Single study syndrome – clutching at convenient confirmation This tactic shows up when a person who has a vested interest in a particular point of view pounces on some new finding which seems to either support or threaten that point of view. It’s usually used in a context where the weight of evidence is against the perpetrator’s view.
Appeal to nature – the authenticity axiom You are expected to accept without question that anything ‘natural’ is good, and anything ‘artificial’, ‘synthetic’ or ‘man-made’ is bad.
The reversed responsibility response – switching the burden of proof This tactic is usually used by someone who’s made a claim and then been asked for evidence to support it. Their response is to demand that you show that the claim is wrong and if you can’t, to insist that this means their claim is true.
The scary science scenario – science portrayed as evil. The perpetrators try to convince you that scientific knowledge has resulted in overwhelmingly more harm than good. They identify environmental disasters, accidents, human tragedies, hazards, weapons and uncomfortable ideas that have some link to scientific discoveries and claim that science must be blamed for the any damage they cause. They may even go so far as claiming that scientists themselves are generally cold, unfeeling people who enjoy causing harm.
False balance – cultivating counterfeit controversy to create confusion  This tactic is promoted by peddlers of bad science and pseudoscience and is often taken up by journalists and politicians. In discussing an issue, they insist that “both sides” be presented.  Many journalists routinely look for a representative of each “side” to include in their stories, even though it might be inappropriate.
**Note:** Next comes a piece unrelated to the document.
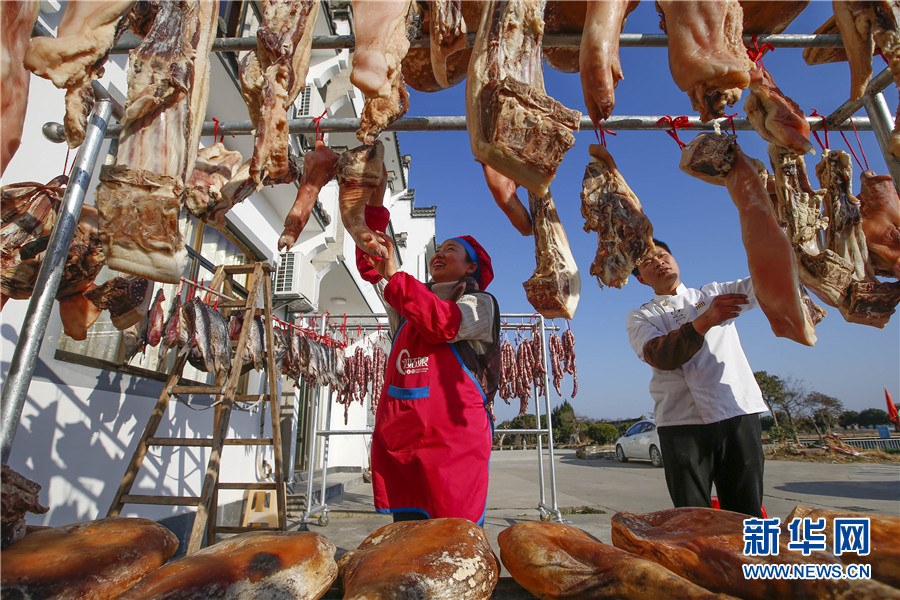 1月19日,在黃山市徽州區(qū)西溪南鎮(zhèn),村民正在腌制臘味。

Groups or individuals who are pushing nonsense or marginal ideas like to exploit this tendency so that their point of view gains undeserved publicity.
Confirmation bias – ferreting favourable findings while overlooking opposing observations  This is a cognitive bias that we all suffer from. We go out of our way to look for evidence that confirms our ideas and avoid evidence that would contradict them..
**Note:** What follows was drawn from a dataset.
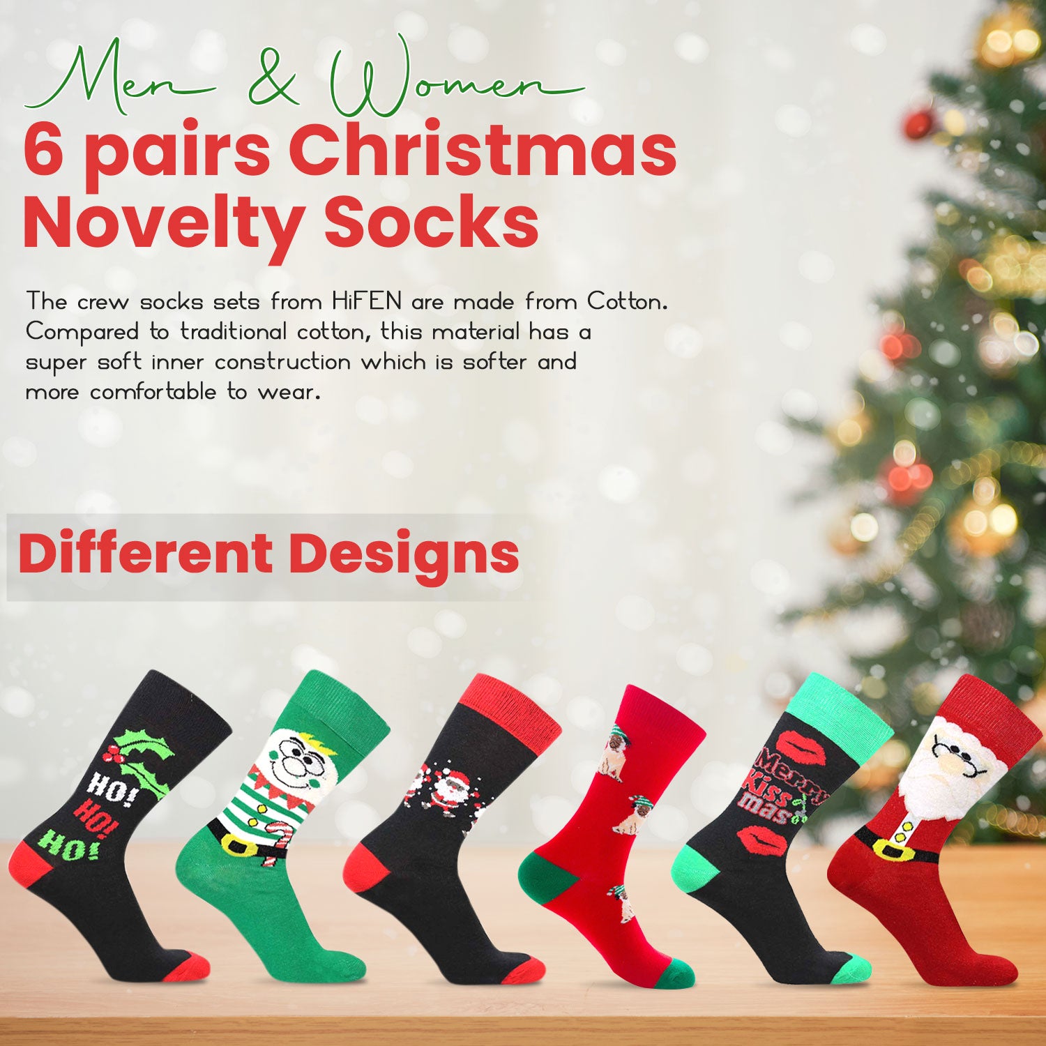 6 Pairs Christmas Socks – Festive Novelty Socks for Men & Women
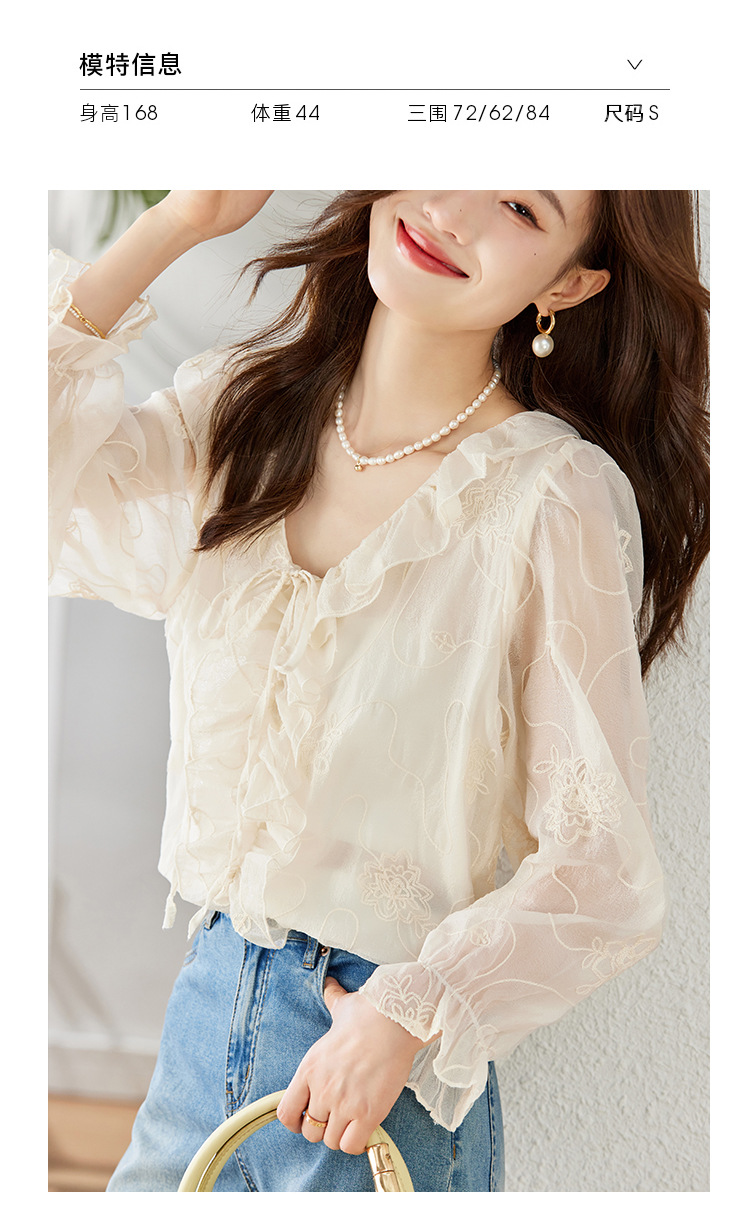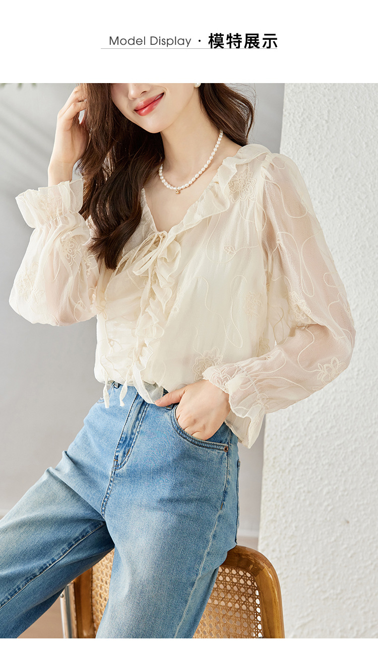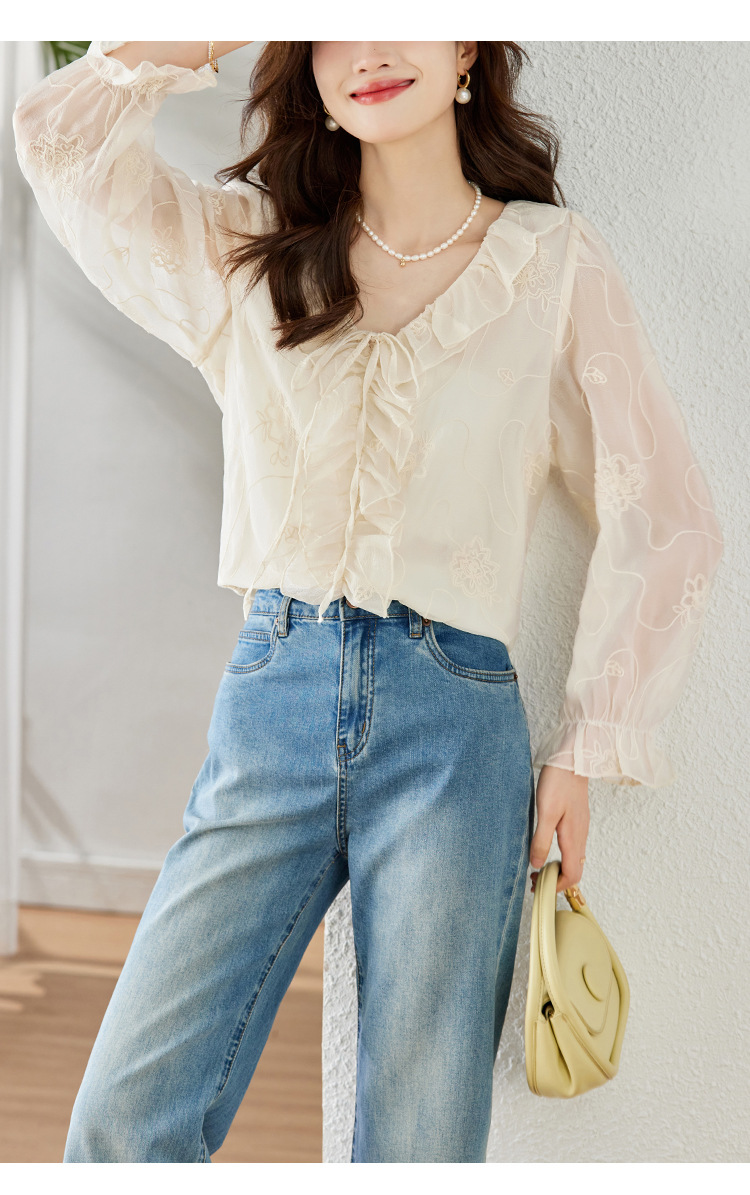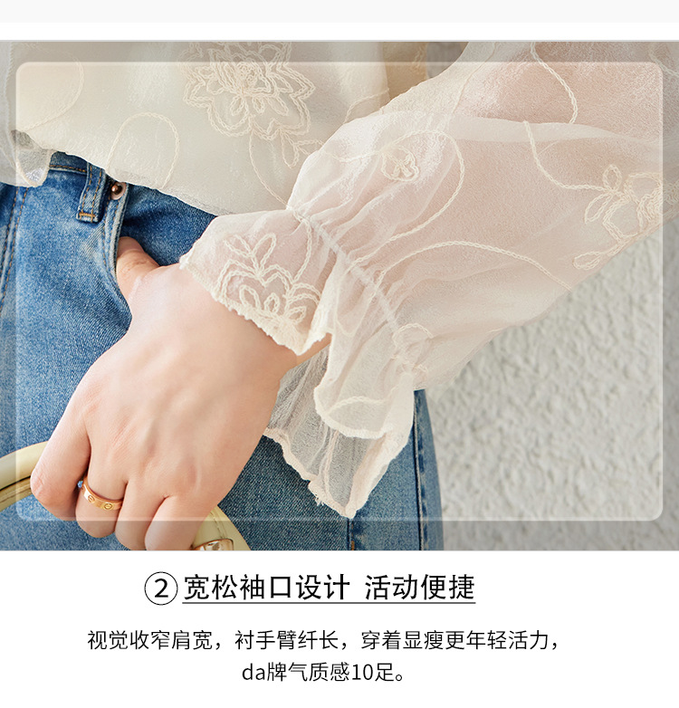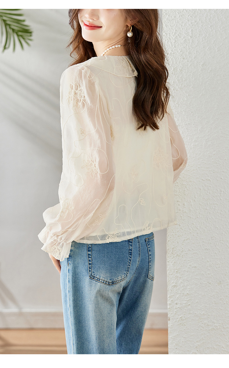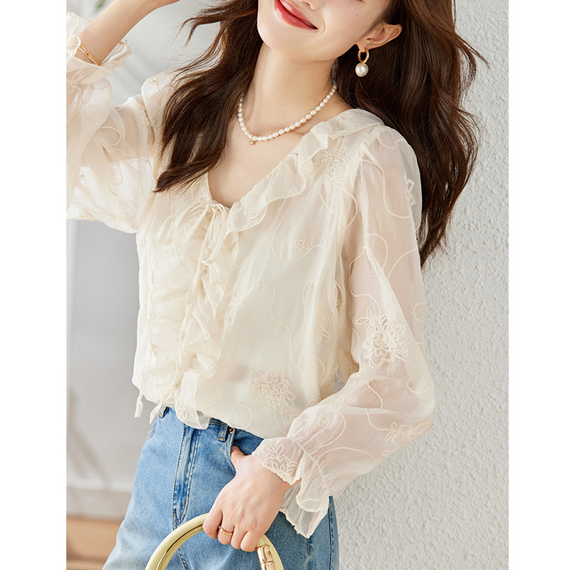 진짜 샷 2023 가을 새로운 한국 셔츠 달콤한 긴 소매 쉬폰 수 놓은 주름 셔츠 디자인 감각스토어 가기

Crafty contrarians and wily watchdogs – donning the mantle of shrewdness  This is an attitude adopted by a person – and it’s usually an older male – who has achieved success within his profession. This person feels entitled to make pronouncements about areas in which he has no competence. He believes he has developed a knack for making good judgements based on ‘intuition’ or ‘gut feeling’ and you are expected to respect his opinions because of his reputation for astuteness. His opinions are usually at odds with the accepted science.
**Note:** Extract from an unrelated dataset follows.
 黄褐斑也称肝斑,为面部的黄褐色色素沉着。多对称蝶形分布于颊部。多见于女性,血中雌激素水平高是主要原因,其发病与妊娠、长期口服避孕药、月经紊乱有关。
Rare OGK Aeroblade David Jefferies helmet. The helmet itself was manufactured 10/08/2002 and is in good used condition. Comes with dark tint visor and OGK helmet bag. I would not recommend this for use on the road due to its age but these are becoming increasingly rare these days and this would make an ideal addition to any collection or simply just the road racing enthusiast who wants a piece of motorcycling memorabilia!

The appeal to common sense – garbage in the guise of gumption  The perpetrator tries to persuade you to accept or reject a claim based on what’s supposedly “common sense”. Look out for key words such as “Obviously, …”, “Naturally, …”, “Everyone knows …” or “It goes without saying that …”.
Ostensible oppression of opposing opinions – claims of rights violated. In this tactic, people insist that their right to express their opinion, or their right to free speech, is being denied. This is their reaction to having their opinions dismissed, rejected or ignored by mainstream scientific forums. They refuse to accept that their opinions fail because they do not meet the standards for publication in those forums.
The alarmism accusation – claims of crises created to funnel funding. Those who use this tactic insist that the current scientific consensus on some issue is corrupt. This, they claim, is because a group of scientists has colluded to hype the position which favours its own interests. The purported motive is to attract funding for their research. Look for derisive terms such as “follow the money” or “pal review”.